Part A
Each year, the number of cars in Cory's collection (c) increases by a factor of 1.2. After t years, it will be multiplied by that factor "t" times, so the number of cars will be ...
... c(t) = 15·1.2^t
Each year, the number of cars in Roger's collection (r) increases by 1. After t years, it will have increased by t.
... r(t) = 40 +t
Part B
c(6) = 15·1.2^6 ≈ 44.79 ≈ 45 . . . Cory's cars after 6 years
r(6) = 40 +6 = 46 . . . Roger's cars after 6 years
Part C
The number of cars is very nearly the same after 6 years. A short time into the 7th year, the number of cars will be the same. A graph shows the number of cars will be the same after about 6 years and 2 months.

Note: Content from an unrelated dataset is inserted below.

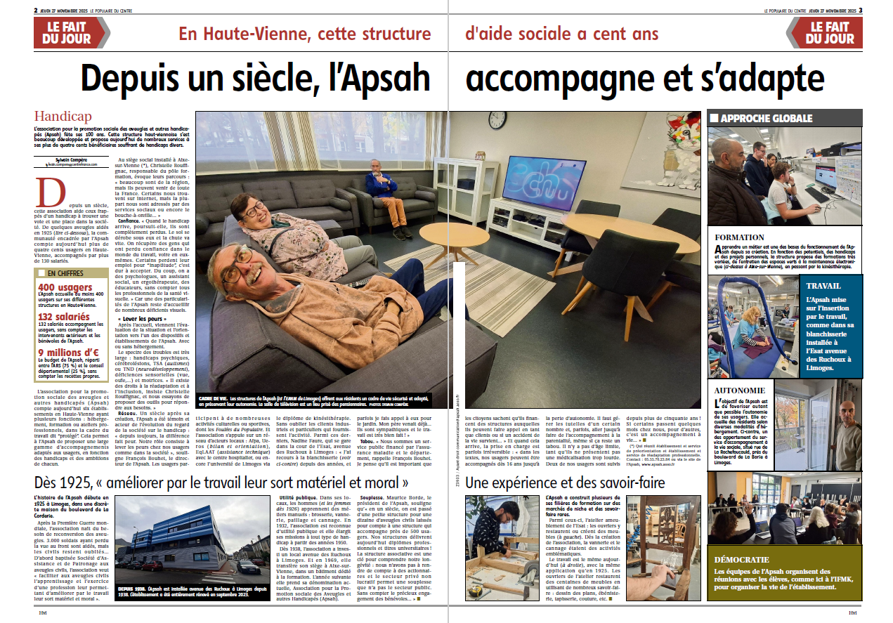 - Une activité professionnelle valorisante et variée, à temps plein ou à temps partiel, encadrée par des moniteurs d’atelier.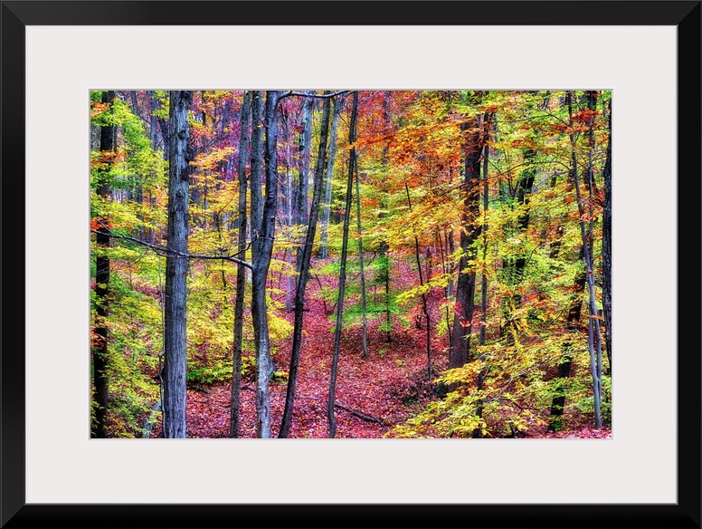 <p>A photograph of a forest in autumn foliage.</p>

There are no algebraic methods to solve the equation
... r(t) = c(t)
... 45 +t = 15·1.2^t
It can be solved by trial and error, or graphically, or by other iterative means. The solution is not an integer, but non-integer numbers of cars don't make sense. It isn't exactly clear what a solution would look like.
year 6: Cory ≈ 45 cars; Roger = 46 cars
year 7: Cory ≈ 54 cars; Roger = 47 cars
Between year 6 and year 7 (closer to the beginning of year 7), Cory will have 46 cars, about the same number Roger has at that time.